RECORD EXCERPTS Start Marker

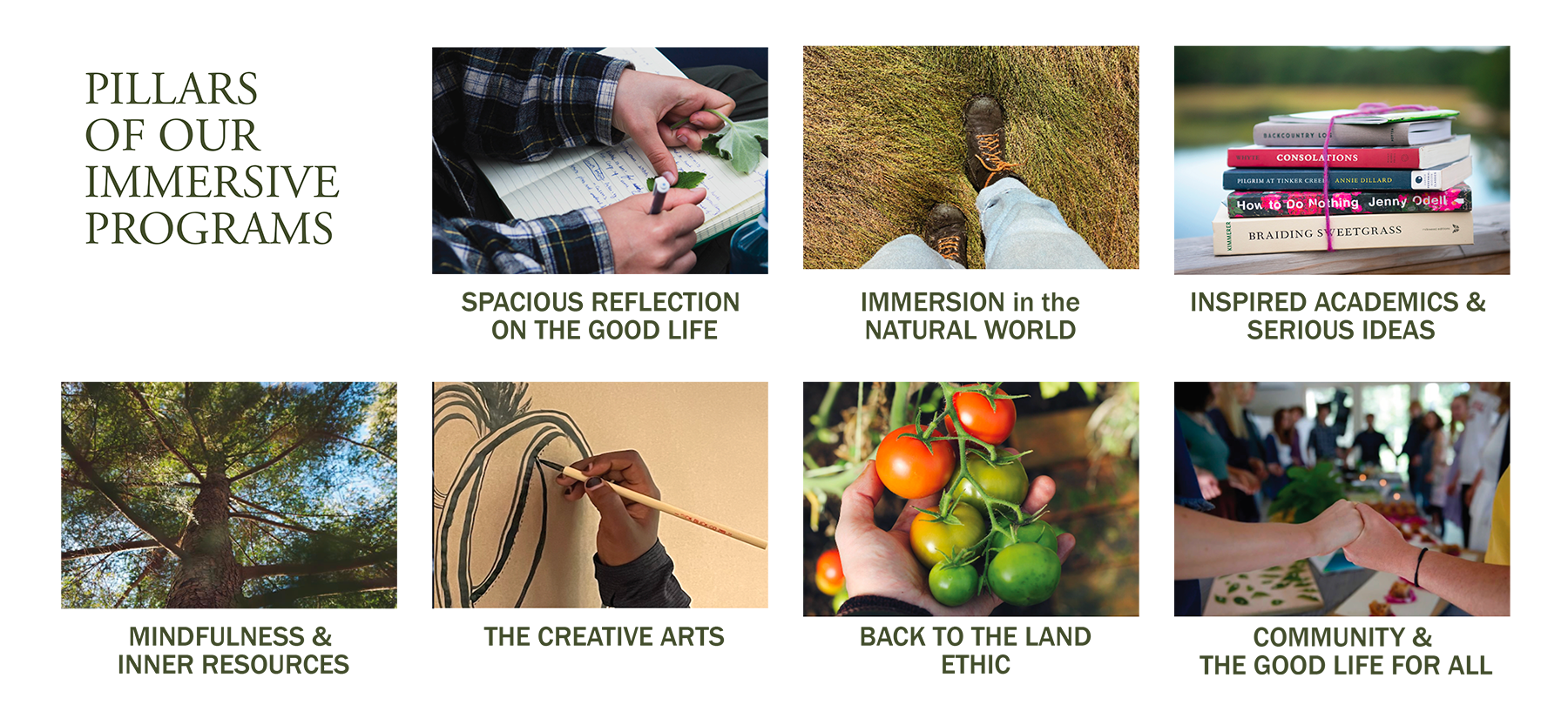 Join us for an afternoon that entails all the pillars of our regular programs, but designed for an older crowd: spacious reflection on the good life in “the third act”, immersion in the natural world, mindfulness practices, the creative arts and a back to the land ethic.
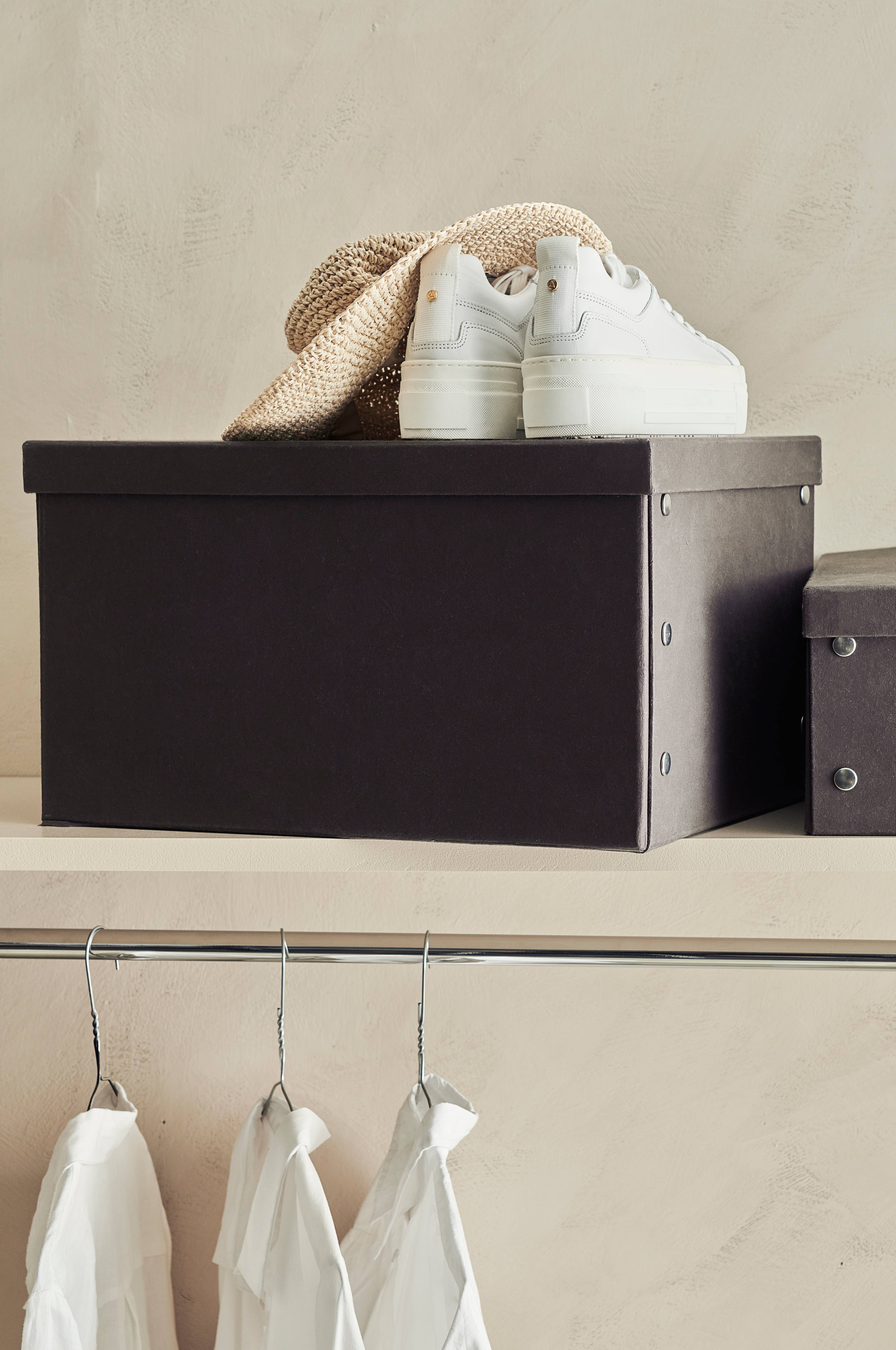 Kannellinen säilytyslaatikko. Valmistettu käsin kierrätetystä paperista/kartongista. Laatikko suljetaan painonappien avulla.
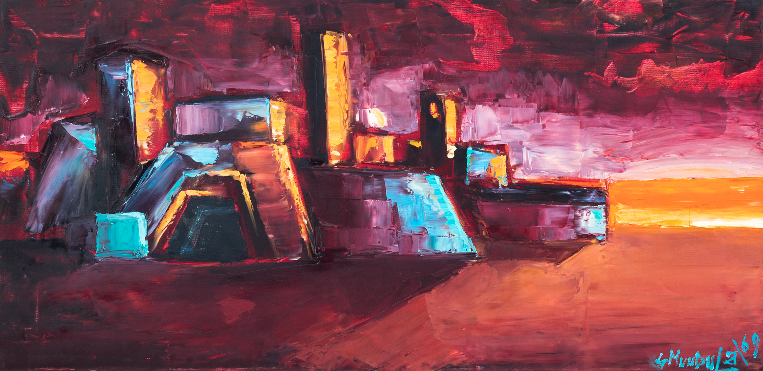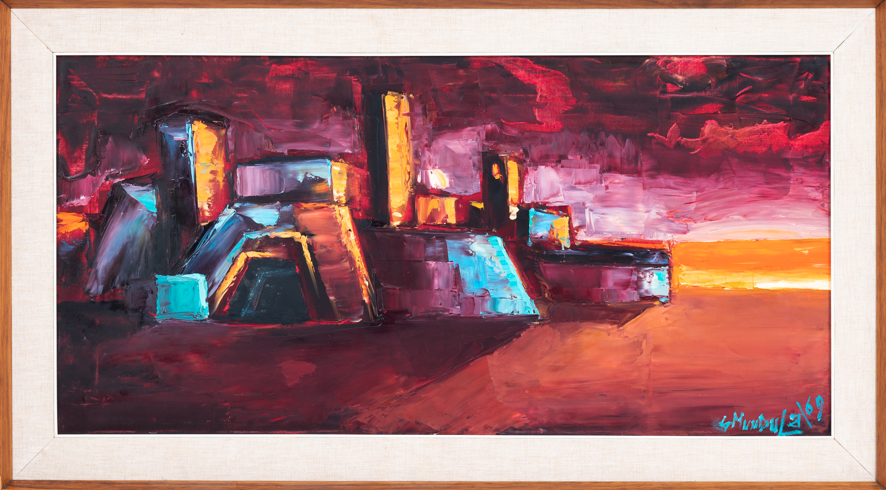 GIOVANNI MUNDULA, Città metafisica, Olio su tela
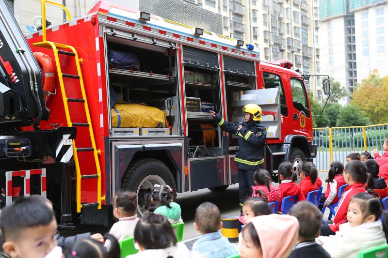 针对幼儿年龄小、好奇心强、理解能力较低的特点,消防员采用讲故事、现场模拟、亲身体验等方式,向小朋友们介绍了几种常用的消防工具及使用方法,并让幼儿园小朋友零距离体验消防器材,让孩子们亲身体验“火灾现场”,加强自我保护能力。
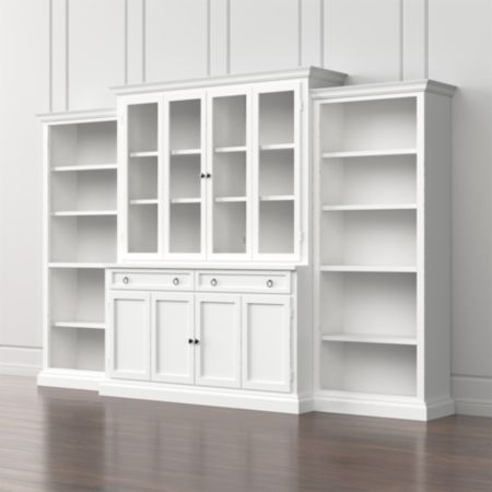 Cameo 4 Piece White Glass Door Wall Unit With Open Bookcases
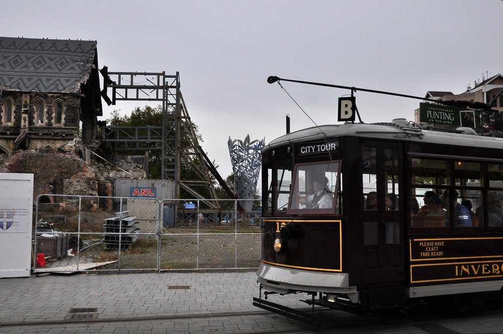 Tramway tout neuf passant devant les ruines de la cathédrale.
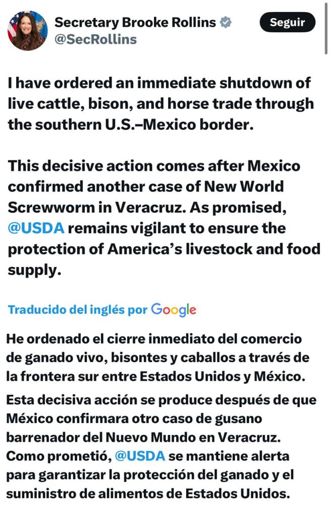 El gobierno de Estados Unidos ordenó el cierre inmediato del comercio transfronterizo de ganado vivo, bisontes y caballos con México, luego de confirmarse un nuevo caso de gusano barrenador en el estado de Veracruz.
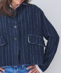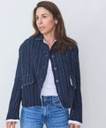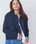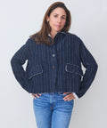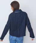 Beautiful Harris Tweed navy pinstripe jacket from Hannoh Wessel.  Spread collar, 3 button closure, welt pockets, boxy fit.  Made in Italy from authentic Harris tweed.
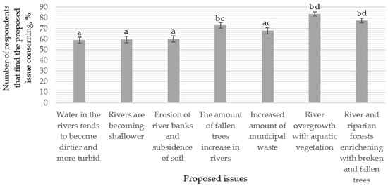 Respondents’ attitude (concerned/ not concerned) towards proposed issues related to the state of rivers and riverine forests. Error bars represent standard error (SE); letters above the bars show if there are statistically significant differences (p < 0.05) in the average number of respondents that find a specific issue concerning (the same letter/letter combination for the type of activity—no statistically significant differences; if letters/letter combinations differ between the types of activities—there are statistically significant differences).

RECORD EXCERPTS End Marker

▶ TASK GOAL:
No picture belongs in the answer; the rest of the records must be repeated exactly.

▶ OUTPUT FOR THIS EXERCISE:
 Join us for an afternoon that entails all the pillars of our regular programs, but designed for an older crowd: spacious reflection on the good life in “the third act”, immersion in the natural world, mindfulness practices, the creative arts and a back to the land ethic.
 Kannellinen säilytyslaatikko. Valmistettu käsin kierrätetystä paperista/kartongista. Laatikko suljetaan painonappien avulla.
 GIOVANNI MUNDULA, Città metafisica, Olio su tela
 针对幼儿年龄小、好奇心强、理解能力较低的特点,消防员采用讲故事、现场模拟、亲身体验等方式,向小朋友们介绍了几种常用的消防工具及使用方法,并让幼儿园小朋友零距离体验消防器材,让孩子们亲身体验“火灾现场”,加强自我保护能力。
 Cameo 4 Piece White Glass Door Wall Unit With Open Bookcases
 Tramway tout neuf passant devant les ruines de la cathédrale.
 El gobierno de Estados Unidos ordenó el cierre inmediato del comercio transfronterizo de ganado vivo, bisontes y caballos con México, luego de confirmarse un nuevo caso de gusano barrenador en el estado de Veracruz.
 Beautiful Harris Tweed navy pinstripe jacket from Hannoh Wessel.  Spread collar, 3 button closure, welt pockets, boxy fit.  Made in Italy from authentic Harris tweed.
 Respondents’ attitude (concerned/ not concerned) towards proposed issues related to the state of rivers and riverine forests. Error bars represent standard error (SE); letters above the bars show if there are statistically significant differences (p < 0.05) in the average number of respondents that find a specific issue concerning (the same letter/letter combination for the type of activity—no statistically significant differences; if letters/letter combinations differ between the types of activities—there are statistically significant differences).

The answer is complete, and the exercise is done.